State Rep. Greg Markkanen today reiterated his call for an overhaul of the state’s Unemployment Insurance Agency after new reports disclosed far wider ineptitude than once thought.

The U.S. Department of Labor warned state jobless agencies in May 2020 about implementing overly lenient qualifications for pandemic unemployment assistance (PUA). According to one report, the department sent an email to Michigan and other Midwest states about some states “cutting corners” and not meeting criteria to determine basic eligibility. 

“The agency continued to push on with their own requirements knowing they may not be aligning with federal standards, and it directly impacted residents and hard-working people throughout the state – including many people in the western U.P.,” said Markkanen, of Hancock. “That’s not serving people in an effective fashion. Unemployment assistance is consistently an issue my office gets the most questions and feedback on. As legislators and their staff did work the agency should have been doing by getting people help and their benefits fulfilled, the agency was making decisions that was going to cause people even more of a hassle. I find that ridiculous, and it’s why we need to reform UIA.”

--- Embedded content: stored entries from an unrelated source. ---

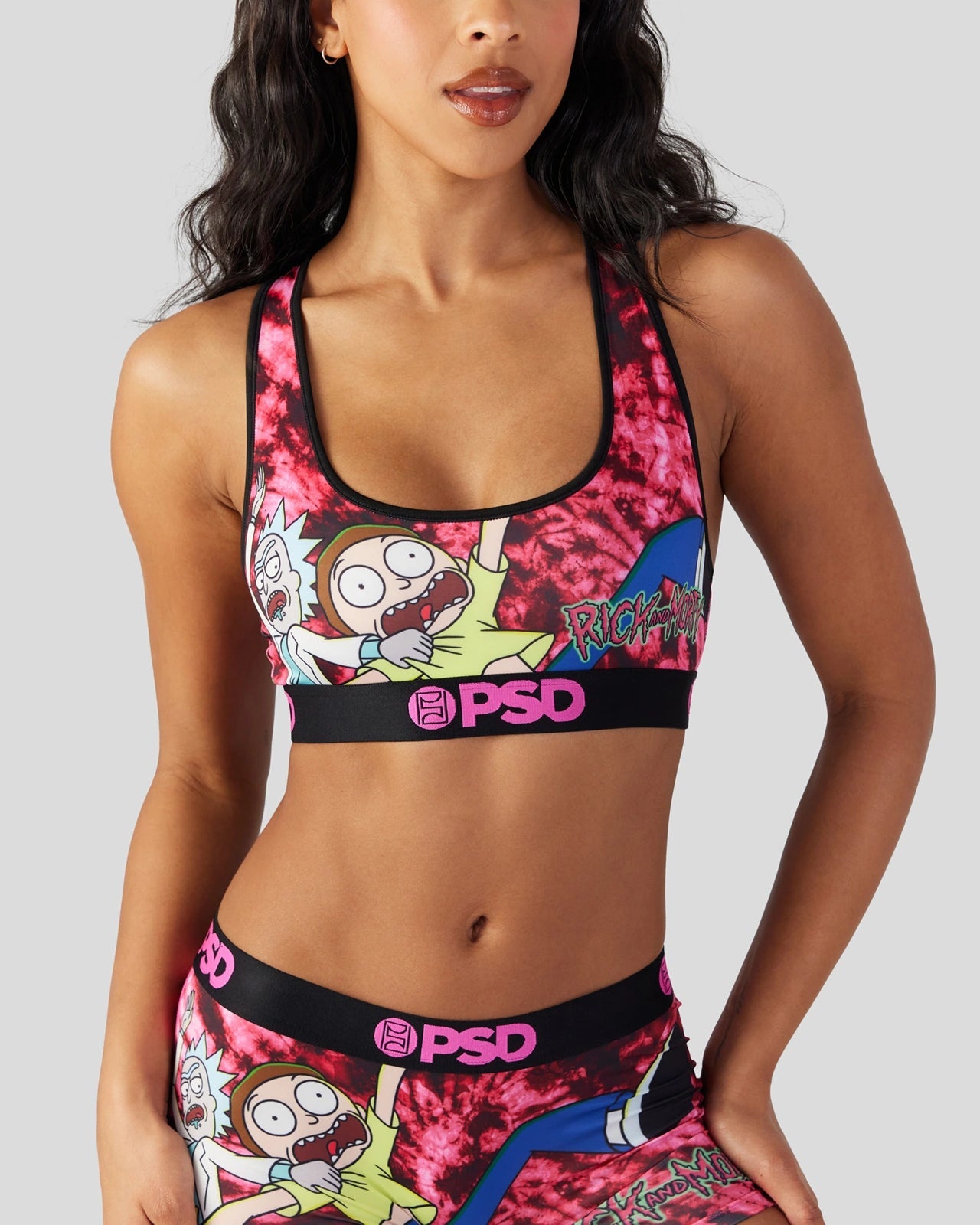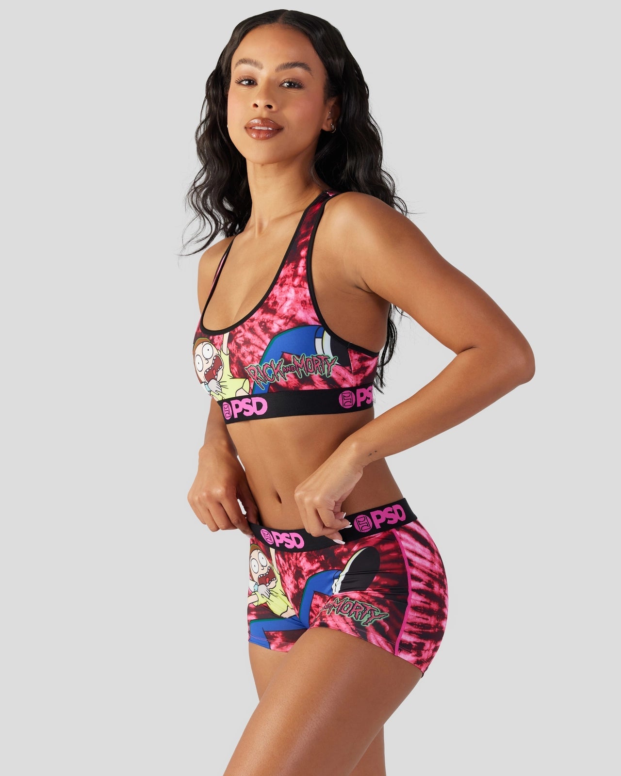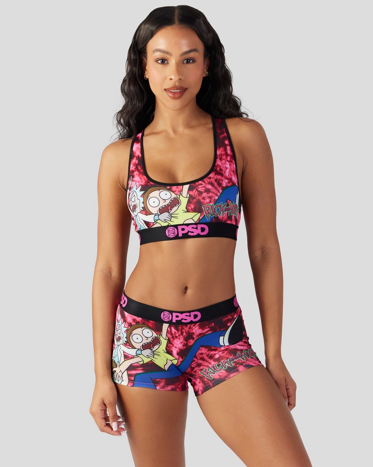 Get sucked into a time warp in this new style from Rick and Morty x PSD. The Warp Sports Bra is made from a silky poly blend with a comfortable full coverage. keep-you-in fit. The PSD boy shorts are perfect for everyday wear and working out.
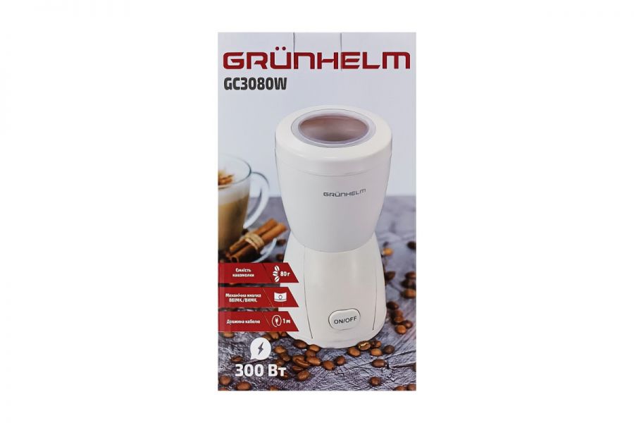 Хотите наслаждаться свежемолотым кофе каждое утро? Предлагаем купить кофемолку Grunhelm GC-3080W — производительное устройство для быстрого измельчения кофейных зерен, специй и сахара. Кофемолка Grunhelm GC-3080W оснащена двигателем на 300 Вт и долговечными стальными ножами. ! Цена на Grunhelm GC-3080W в нашем магазине — самая выгодная за оригинальную технику Грюнхельм.
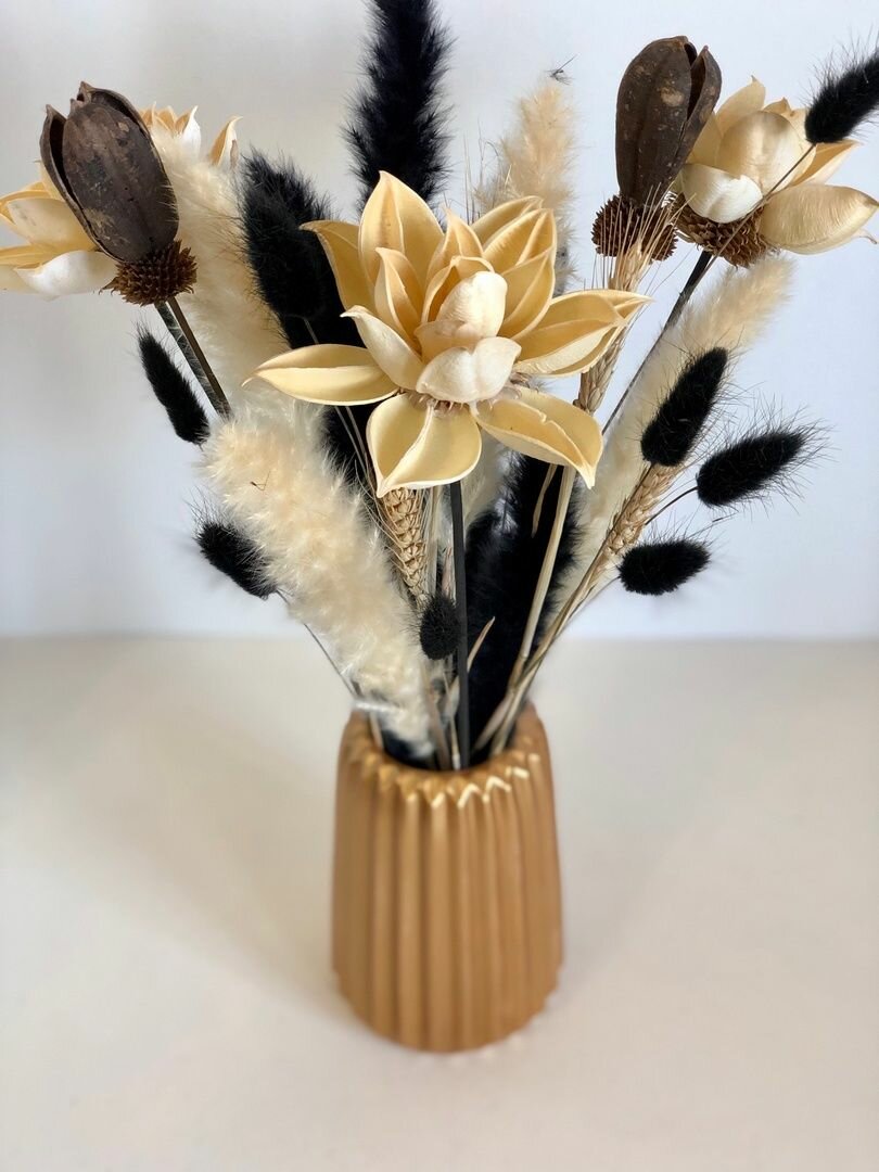 Ваза для сухоцветов / из высокопрочного гипса, черная с золотыми полосками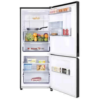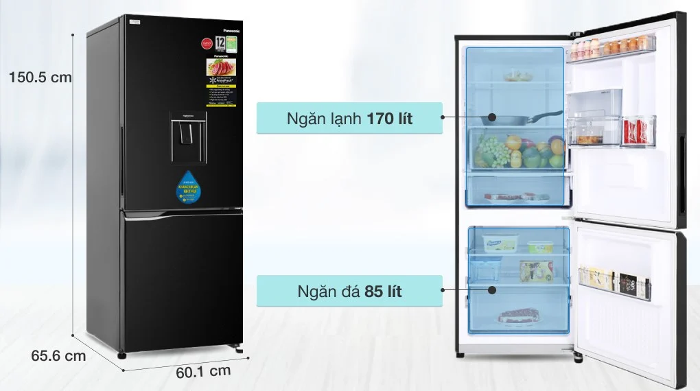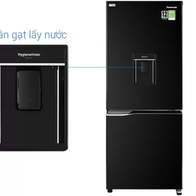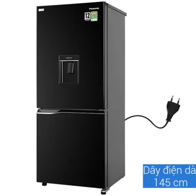 Tủ lạnh Panasonic 2 cánh này mang gam màu đen sang trọng, thanh lịch. Thiết kế độc đáo với ngăn đá bên dưới, hiện đại cho không gian nội thất mà nó còn mang lại sự tiện lợi, giúp người sử dụng có thể dễ dàng lấy thực phẩm ở ngăn mát mà không phải khom cúi nhiều lần.

The UIA informed hundreds of thousands of PUA recipients this summer that they may have been approved for benefits in error, and it was unclear whether residents would be required to pay back ineligible benefits. It was later learned that the federal government informed the UIA that the four specific criteria were invalid at least as early as this January.

Markkanen highlighted a recently unveiled House plan which will better serve jobless Michigan workers going forward by correcting UIA’s mistakes and glaring procedural issues.

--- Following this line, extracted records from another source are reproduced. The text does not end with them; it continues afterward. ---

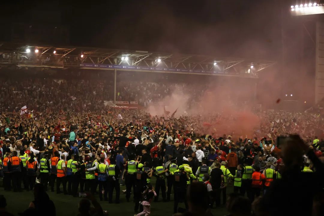 作为英足总1992年创立英超联赛的22支球队之一,诺丁汉森林在第一个赛季就以联赛最后一名惨遭降级,随后几年球队在英超和英冠之间反复横跳,直至1998-99赛季之后就再也没有回到过英超联赛,至今已经过去了整整23年的时间。要知道他们此前并非没有冲入英超的机会,只可惜在2010-11赛季的附加赛半决赛,他们最终被斯旺西挡在了附加赛决赛门外,距今也已经过去了整整11年,或许我们也不难理解球迷冲入球场的疯狂举动,毕竟他们距离重回英超只剩下了最后90分钟了。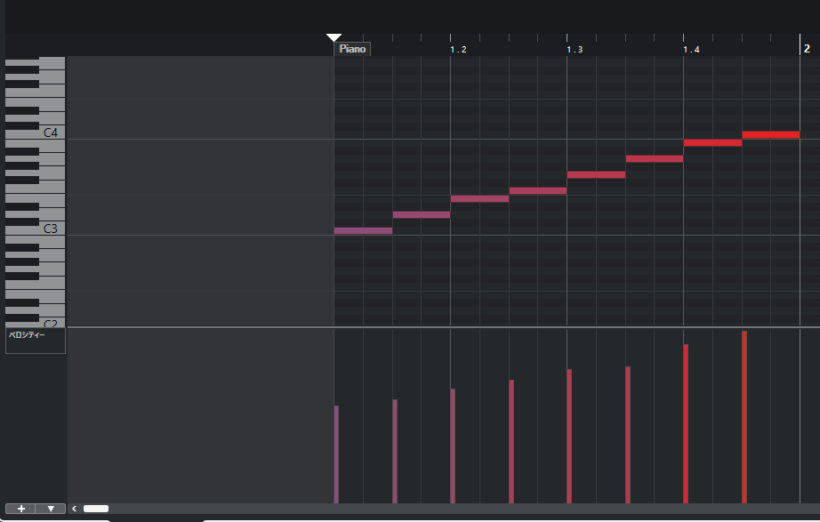 (ベロシティは、音量の大小を設定する「ボリューム」とは異なり、音の強弱を設定するパラメータです)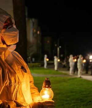 Sombre ceremonies were held in the purpose-built town of Slavutych in northeastern Ukraine for the evacueed plant employees, as well as at a Kyiv monument in honor of the fallen first responders.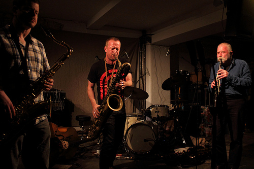 Sonore is Peter Brötzmann, Ken Vandermark and Mats Gustafsson; seasoned players who each have credits listed to their names. They come together as Sonore which is its own unanimous committment to their music as a process. These are players each intimately engaged with their instruments, allowing their engaging to be a perpetual lesson in measure, exactitude and courage. They are the salad bowl of improv! In a salad you want to eat your meal, but you want your tomato to remain tomato; Your lettuce to remain lettuce.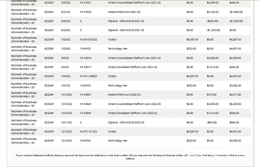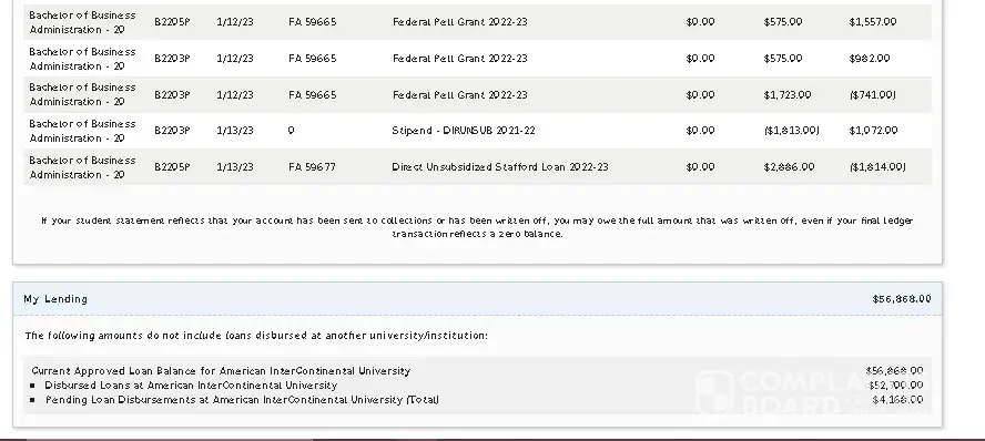 I've already invested $60,000 and have 4 classes left and they are doing something similar, my ledger has changed several times since december, and now all of a sudden I have a $10,000 dollar debt with the school, and they have blocked me from my clsses that start tuesday until paid in full. Which I was unaware of any of this until the 13th of january. And they've pocketed my most recent disbursement. Luckily when I noticed the fishy stuff in December I started getting regular screen shots of my accounts & dashboard to prove myself if the time came. They attempted to say they were going to send me an associates degree, like I was just gonna settle on out of school or something, and I refused them. So here we are a month later, and they pulling something.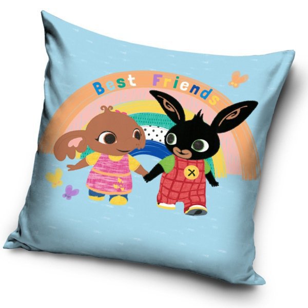 Dětský povlak na polštářek pro děti Zajíček Bing Kamarádi, je světle modré barvy a je vyrobený ze 100% polyesteru

The reforms improve the agency’s efficiency and work to re-establish trust among people in need of services. New rules include requiring the UIA to complete reviews and determinations within 10 business days. The plans also create a new independent citizens’ advocate to serve as a point-of-contact for families who need help getting the jobless benefits they deserve. UIA would be required to submit a report to the advocate outlining the number of cases that have been appealed by the agency and sent to the internal Board of Appeals Commission, as well as the length of time cases have sat before the commission before a final resolution is reached. 

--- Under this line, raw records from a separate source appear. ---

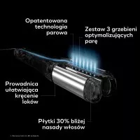 Para wodna w Steampod 4 zapewnia włosom wilgotność, nie zabierając jej jak klasyczna prostownica, co sprawia, że włosy nie puszą się nawet przy wyższej wilgotności powietrza. Urządzenie wyposażone jest w podwójną technologię płytek z powłoką o wysokiej odporności, co umożliwia płynne ruchy z odpowiednim naciskiem na włosy. System kontroli ciepła oferuje 3 opcje ustawień temperatury od 180°C do 210°C.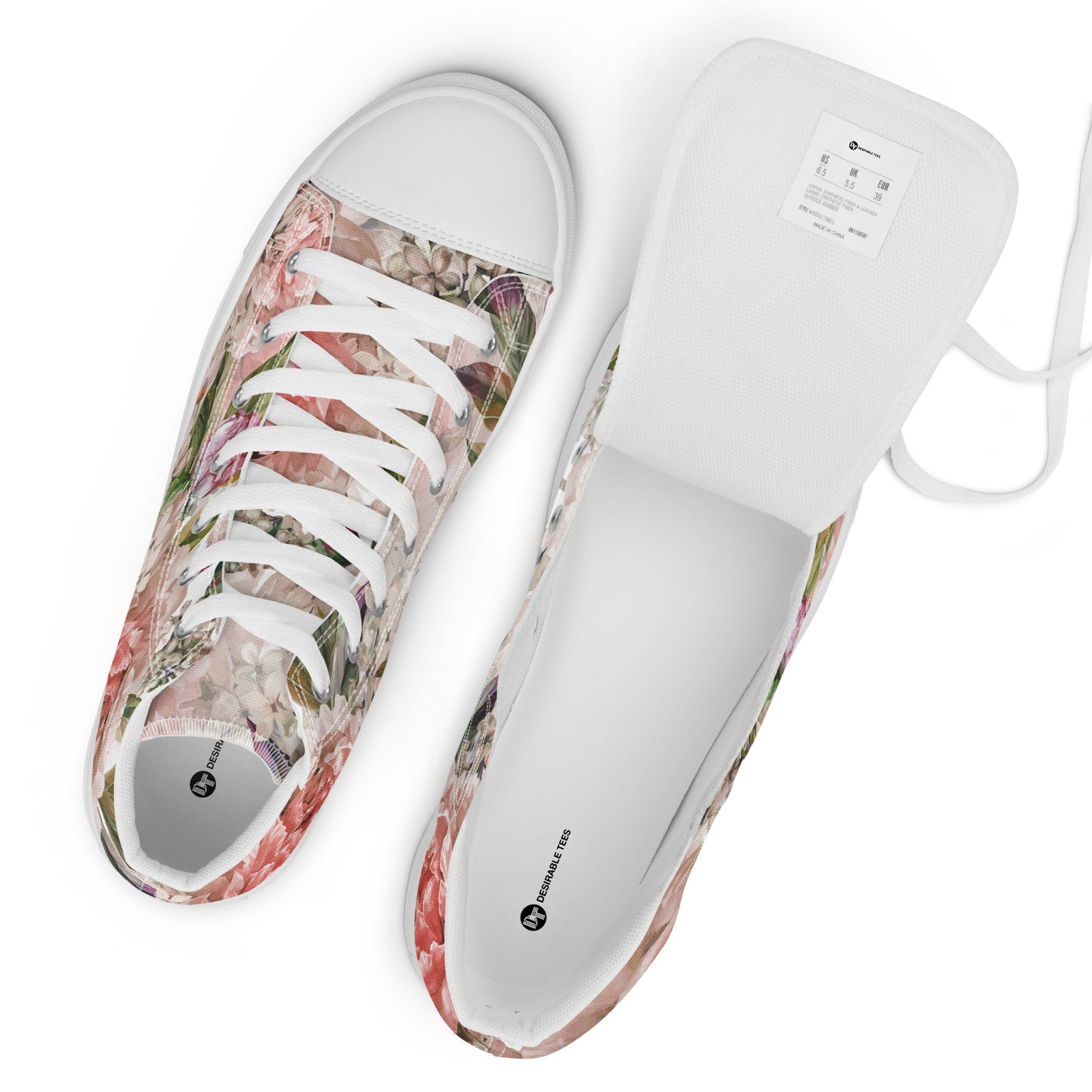 Enrich your wardrobe and step up your game with these handmade and multicoloured floral printed women's hi-top canvas trainers from Desirable Tees that are guaranteed to turn heads.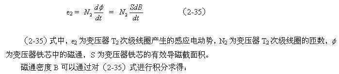 (2-38)式中,e1為加到變壓器T2初級線圈兩端的電壓(這里為方波),或T1變壓器次級線圈輸出的電壓(方波);L1為變壓器T2初級線圈的電感,i1(0)為時間等于零時變壓器T2初級線圈中的勵磁電流。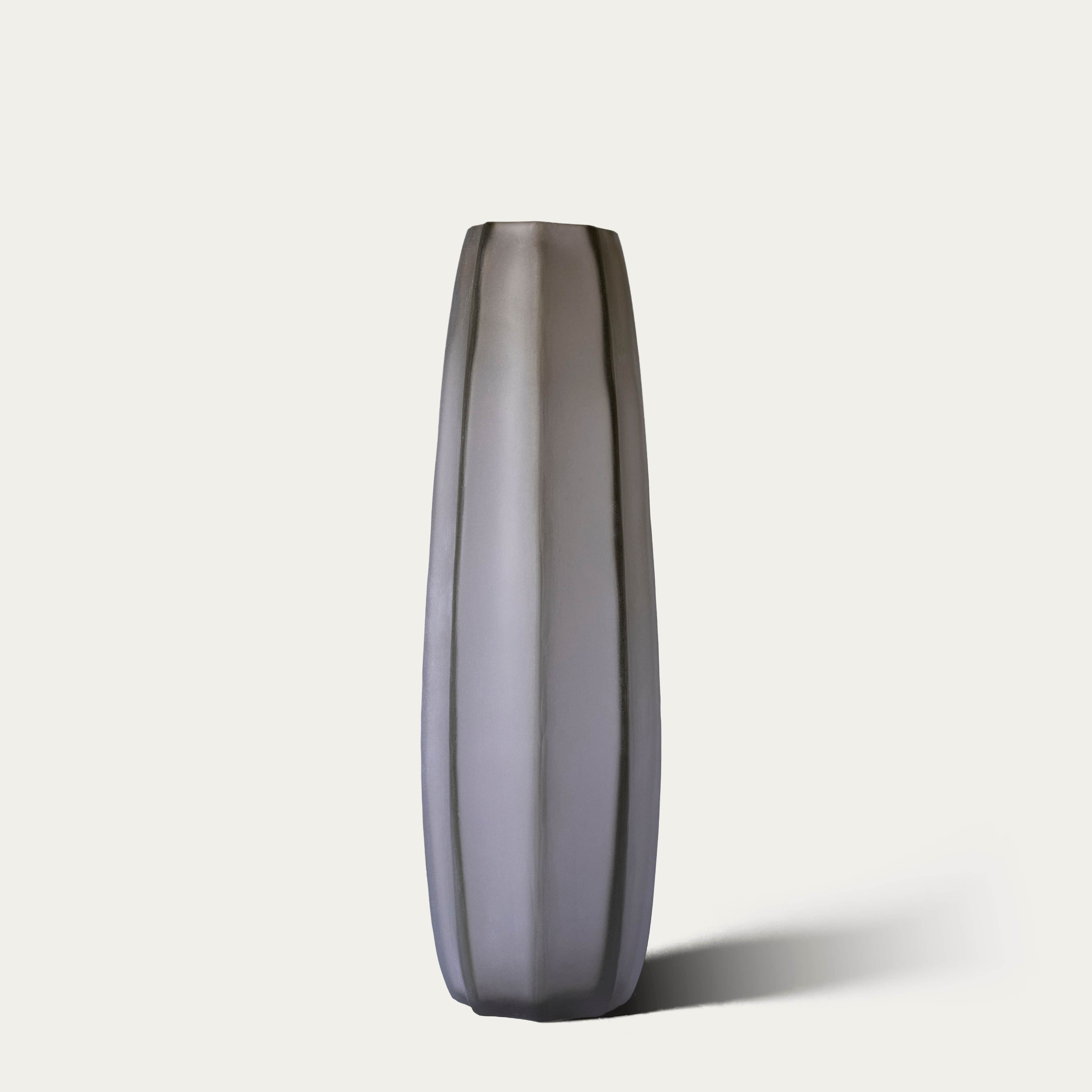 Een hoge, slanke vaas van lichtgroen mat, melkachtig glas. Zacht en eigentijds; een rustige basis voor je boeket.

“Due to COVID-19 and executive orders in response, the agency saw a surge in unemployment claims. They were overwhelmed and underprepared to handle millions of people suddenly needing unemployment benefits to support themselves and their families,” Markkanen said. “Over the past several months, we have seen information about decisions that were made by the agency before and during this period, as well as the level of ineffectiveness in serving people. The House has stepped forward with corrective measures to ensure a better system going forward.

“People needed UIA to assist them and unfortunately the agency did not come through for many of them. We must make sure that does not happen again.”